**WHAT NEEDS TO BE DONE**.
From the line containing "This Cheesy Grits" to the line containing "繼「CLASSIC REBORN」系列發佈之後,BAPE® ROAD" in the entries below, reproduce every line exactly, ends included. Nothing else belongs in the copy, and no pictures.

**WORKING DATA**.
* * * * *

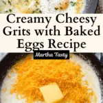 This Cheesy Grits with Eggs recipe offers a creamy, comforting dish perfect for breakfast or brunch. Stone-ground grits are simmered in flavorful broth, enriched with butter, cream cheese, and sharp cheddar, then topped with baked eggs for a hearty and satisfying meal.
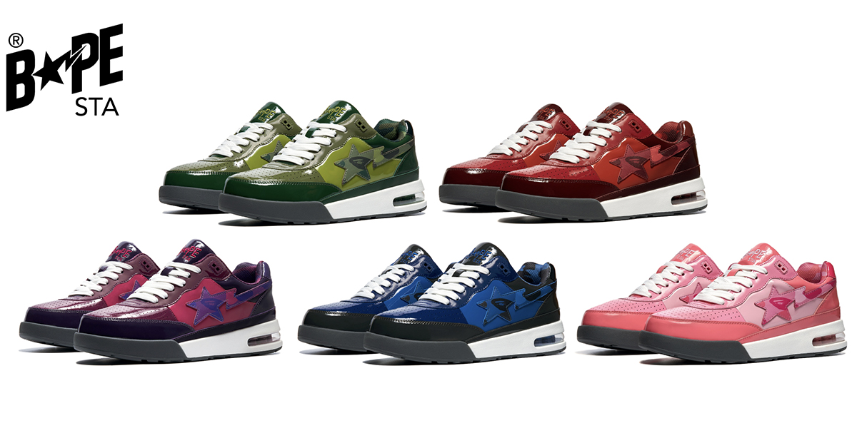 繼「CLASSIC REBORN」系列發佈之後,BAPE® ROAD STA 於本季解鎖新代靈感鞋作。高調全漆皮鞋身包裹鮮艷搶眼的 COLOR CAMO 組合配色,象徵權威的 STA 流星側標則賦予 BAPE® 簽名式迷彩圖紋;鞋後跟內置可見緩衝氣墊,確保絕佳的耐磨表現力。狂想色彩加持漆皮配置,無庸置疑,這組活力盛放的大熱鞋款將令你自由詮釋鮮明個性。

* * * * *

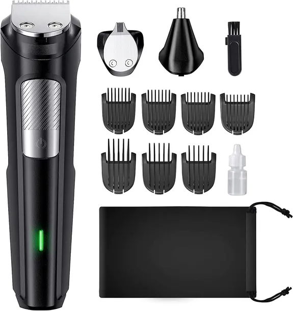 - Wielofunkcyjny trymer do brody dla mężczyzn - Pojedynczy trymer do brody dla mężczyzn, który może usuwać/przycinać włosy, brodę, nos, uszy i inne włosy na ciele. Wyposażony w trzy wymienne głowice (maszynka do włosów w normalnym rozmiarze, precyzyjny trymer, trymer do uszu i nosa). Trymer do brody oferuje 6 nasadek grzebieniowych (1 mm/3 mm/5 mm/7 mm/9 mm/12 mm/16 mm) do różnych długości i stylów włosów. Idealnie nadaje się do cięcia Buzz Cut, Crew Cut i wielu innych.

* * * * *

**COMPLETED TASK**.
 This Cheesy Grits with Eggs recipe offers a creamy, comforting dish perfect for breakfast or brunch. Stone-ground grits are simmered in flavorful broth, enriched with butter, cream cheese, and sharp cheddar, then topped with baked eggs for a hearty and satisfying meal.
 繼「CLASSIC REBORN」系列發佈之後,BAPE® ROAD STA 於本季解鎖新代靈感鞋作。高調全漆皮鞋身包裹鮮艷搶眼的 COLOR CAMO 組合配色,象徵權威的 STA 流星側標則賦予 BAPE® 簽名式迷彩圖紋;鞋後跟內置可見緩衝氣墊,確保絕佳的耐磨表現力。狂想色彩加持漆皮配置,無庸置疑,這組活力盛放的大熱鞋款將令你自由詮釋鮮明個性。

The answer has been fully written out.